While you’re doing the breathing, repeat to yourself that everything is going to be okay.
While a panic attack can feel like it lasts forever, you might find that the worst of it passes in just a few minutes when you use breath control.
Remember that the fear that’s associated with a panic attack feels real but it isn’t.
You might feel that you’re not where you actually are. If your panic attacks are a result of trauma, you might feel that you’re back in time and place to where the trauma occurred.

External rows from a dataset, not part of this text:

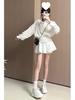 2025 Spring/Autumn Women's A-Line French White Long-Sleeve Shirt Dress
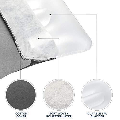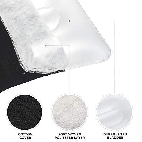 ✅ COMPACT and PORTABLE: the weight and size of inflatable travel pillow is well-balanced - it’s big enough (15 x 12 x 4.5 in ) for a comfortable sleep, yet it only weighs 4oz and won’t make your travel bag heavy.
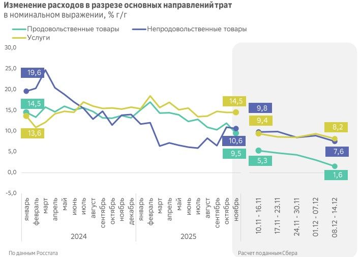 Ослабление спроса в ноябре особенно заметно в сегменте бытовой техники (-19,4% (г/г)), а также в автоторговле, где продажи упали на 8,3% в годовом выражении. Переход на электромобили и снижение спроса на бензин привели к снижению розничной реализации топлива на 8%. Некоторые категории, такие как общественное питание, косметика, товары первой необходимости и ювелирные изделия, сохранили положительную динамику, однако их вклад оказался недостаточным для компенсации общего замедления.

You might believe that impending doom is about to happen but it’s not. Ground yourself in reality as you’re going through the attack. Tell yourself where you are, that you’re safe that the attack won’t last forever.
A good way to ground yourself in reality is to make a connection physically with your present moment. This might be something like feeling the arms of the chair or touching the arm.
Touching something else helps you redirect your attention. This is also true of sight. Look at something while you’re in the panic attack.
Pay attention to how it was made and the colors of it. This is known as a redirect and it helps calm panic attacks.
Some people find it beneficiary to use exercise as a means of practicing self care during panic attacks. Go for a walk or spend time throwing a ball back and forth with a dog. Doing something physical can be a way of redirecting as well.
For some people, there is a need for intervention. When the fear is overwhelming and it’s impacting their ability to function, seeing a therapist and prescription medication can help.
Sometimes, it’s a combination of the two. Self care for panic attacks is critical before, during and after they occur.